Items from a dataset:
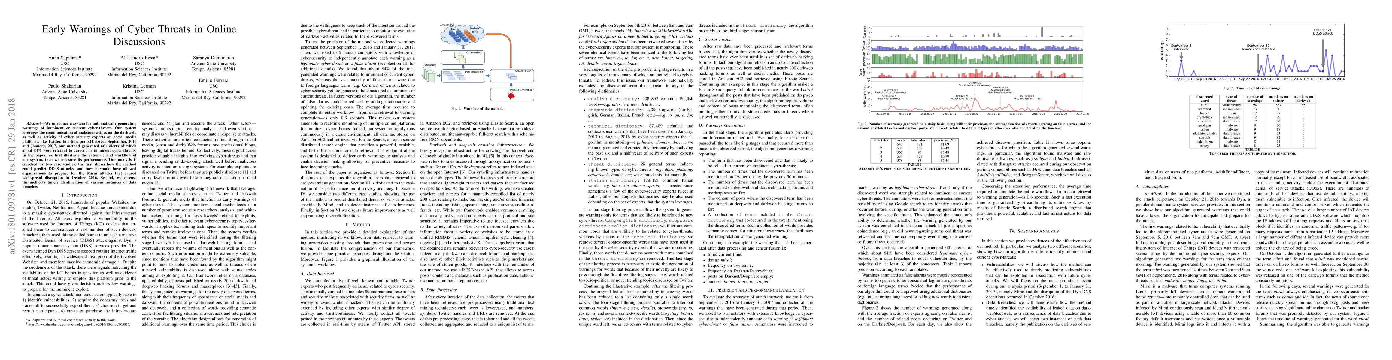This paper presents a system for automatically generating early warnings of cyber threats by analyzing darkweb communications and social media activity. The system generated 661 alerts between September 2016 and January 2017, with 84% relevance, and demonstrated its effectiveness in predicting DDoS attacks and identifying data breaches.
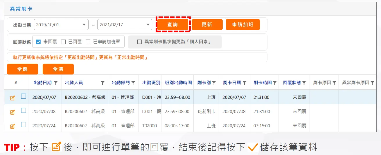 登入WEB → 個人異常刷卡維護作業,按下【查詢】即可查看未進行回覆的異常刷卡資料
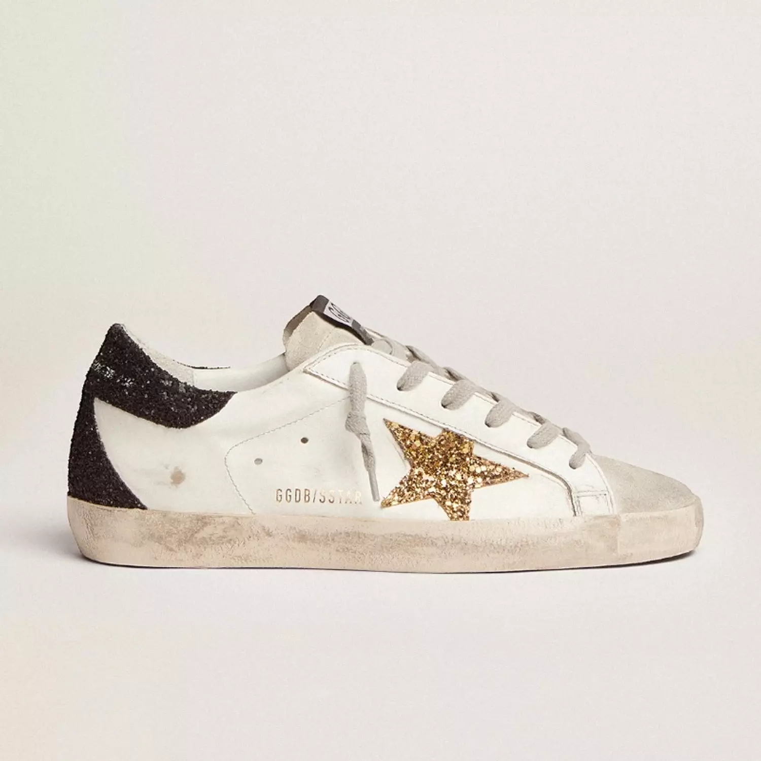 Golden Goose Super-Star With Burgundy Glitter Star And Silver
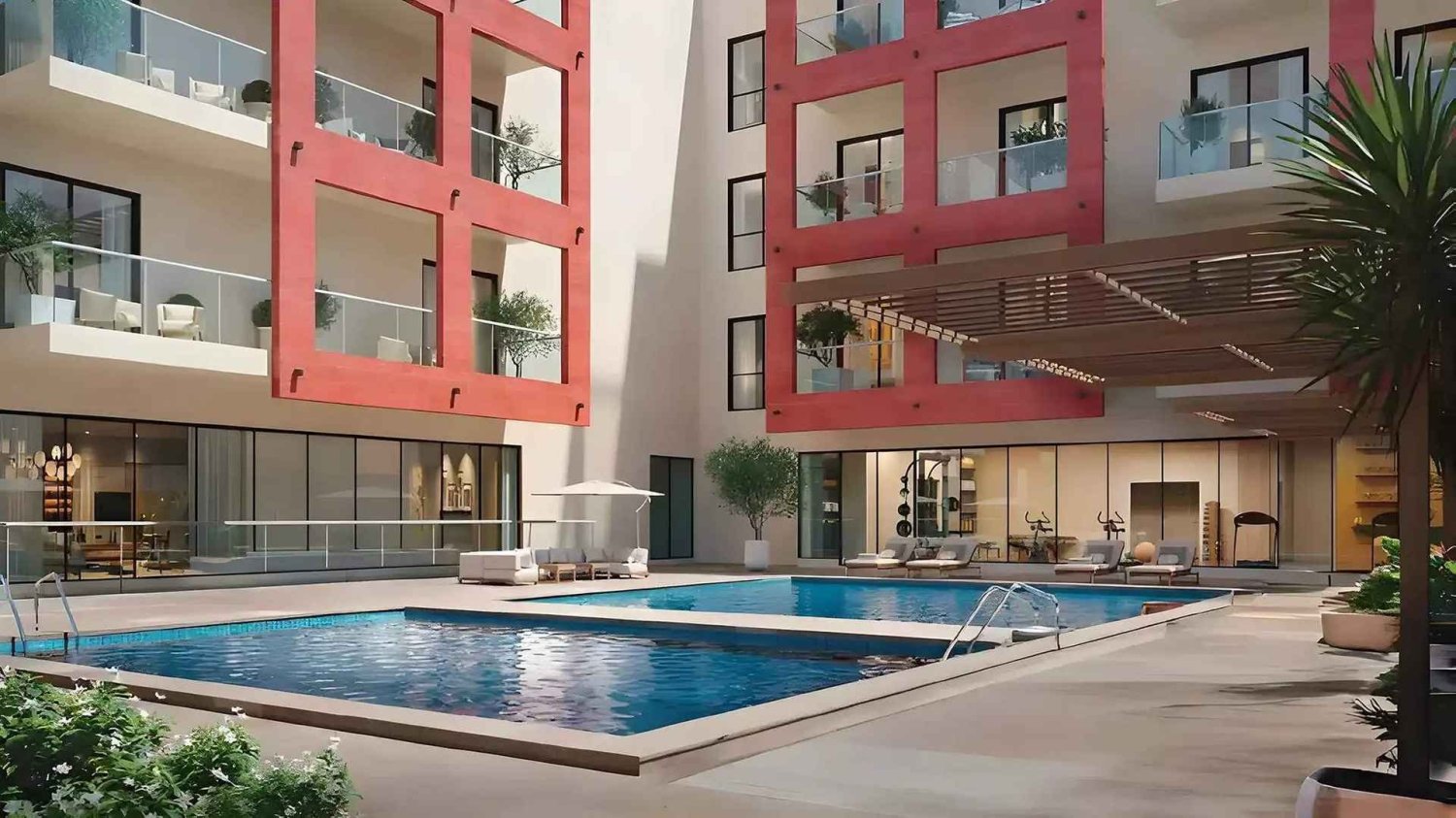 - Common area with pool
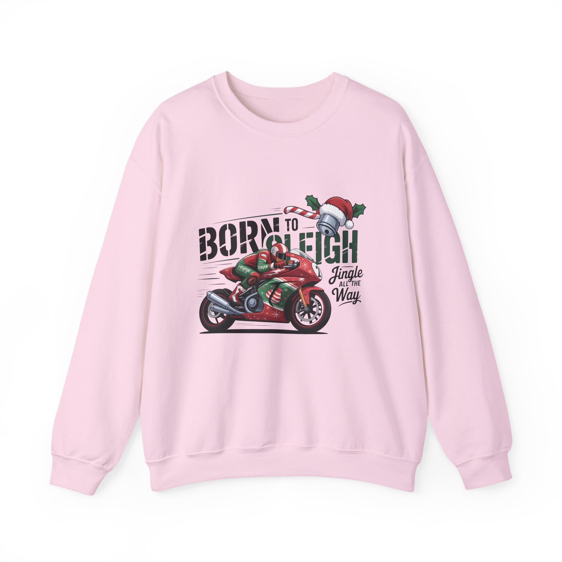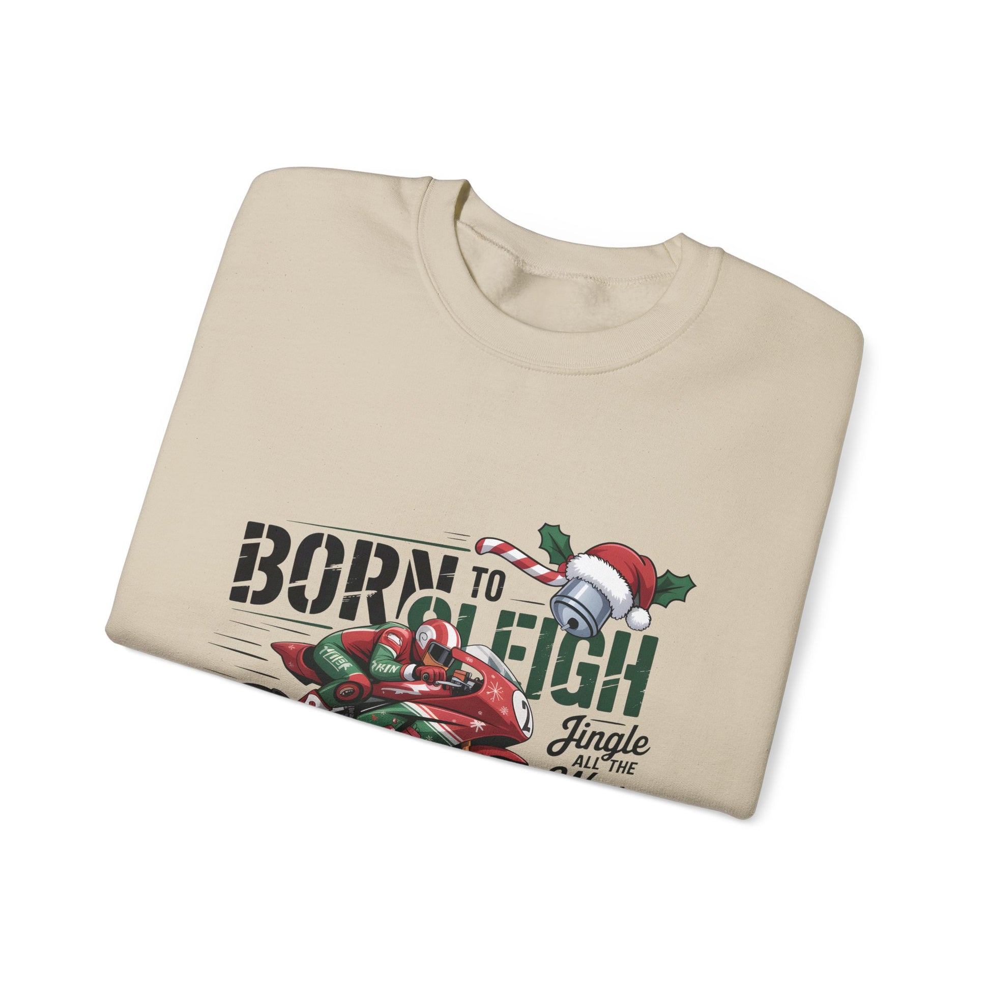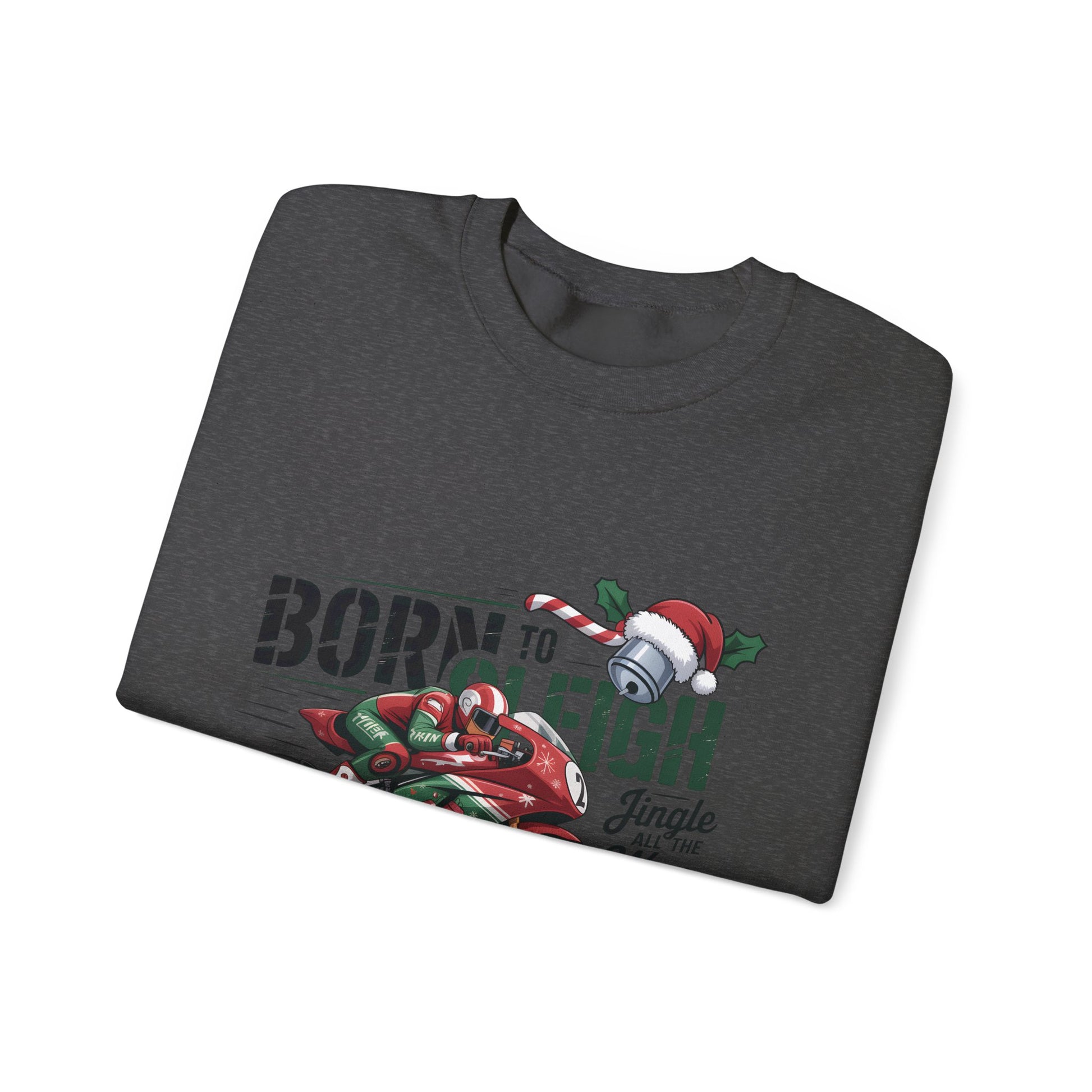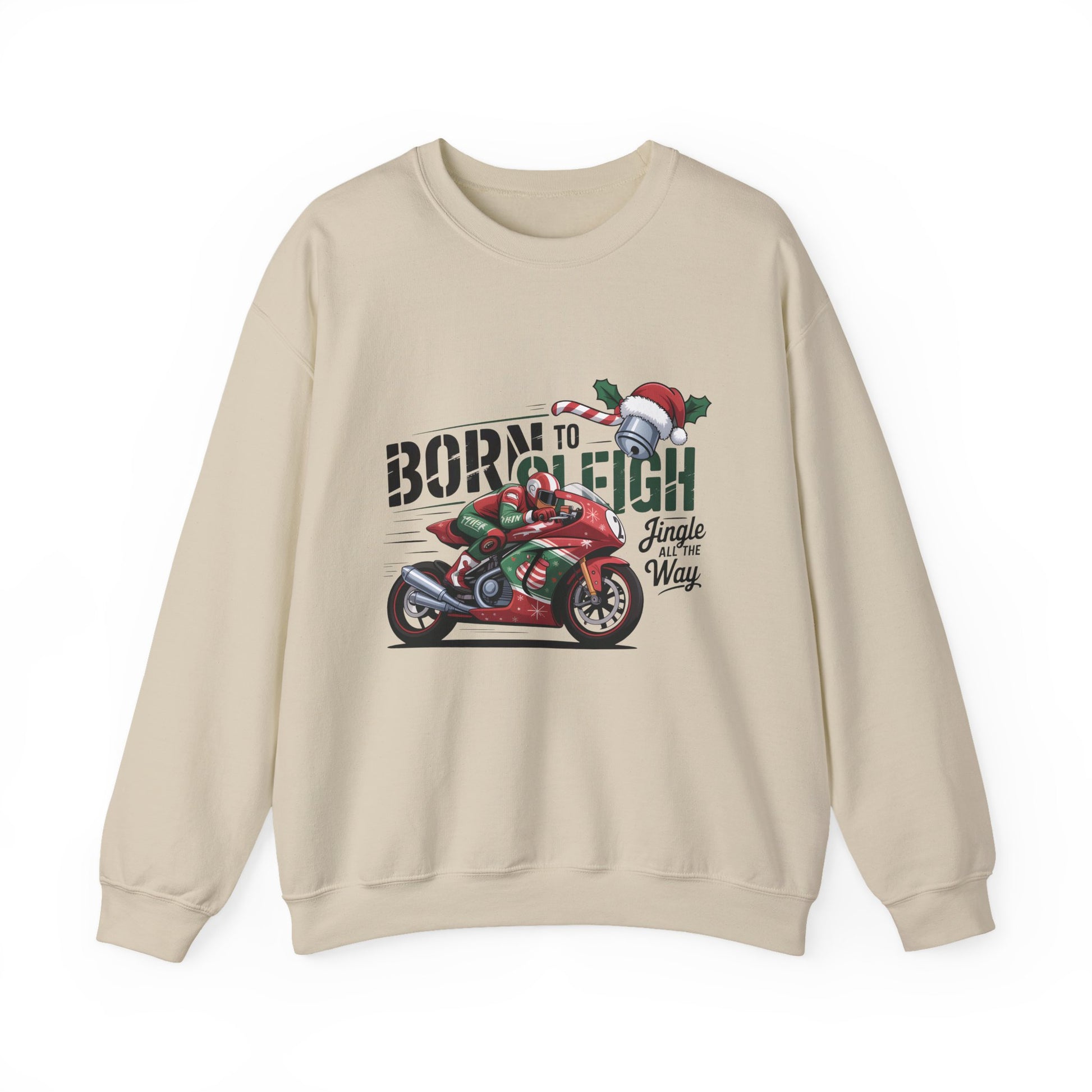 Biker Xmas Jumper, Born To Sleigh Jingle All the Way, this motorcycle sweater is a must-have for bike lover gifts.

- **EXERCISE DIRECTIONS**
Copy out all the data above exactly, minus the images.

- **EXERCISE OUTPUT**
This paper presents a system for automatically generating early warnings of cyber threats by analyzing darkweb communications and social media activity. The system generated 661 alerts between September 2016 and January 2017, with 84% relevance, and demonstrated its effectiveness in predicting DDoS attacks and identifying data breaches.
 登入WEB → 個人異常刷卡維護作業,按下【查詢】即可查看未進行回覆的異常刷卡資料
 Golden Goose Super-Star With Burgundy Glitter Star And Silver
 - Common area with pool
 Biker Xmas Jumper, Born To Sleigh Jingle All the Way, this motorcycle sweater is a must-have for bike lover gifts.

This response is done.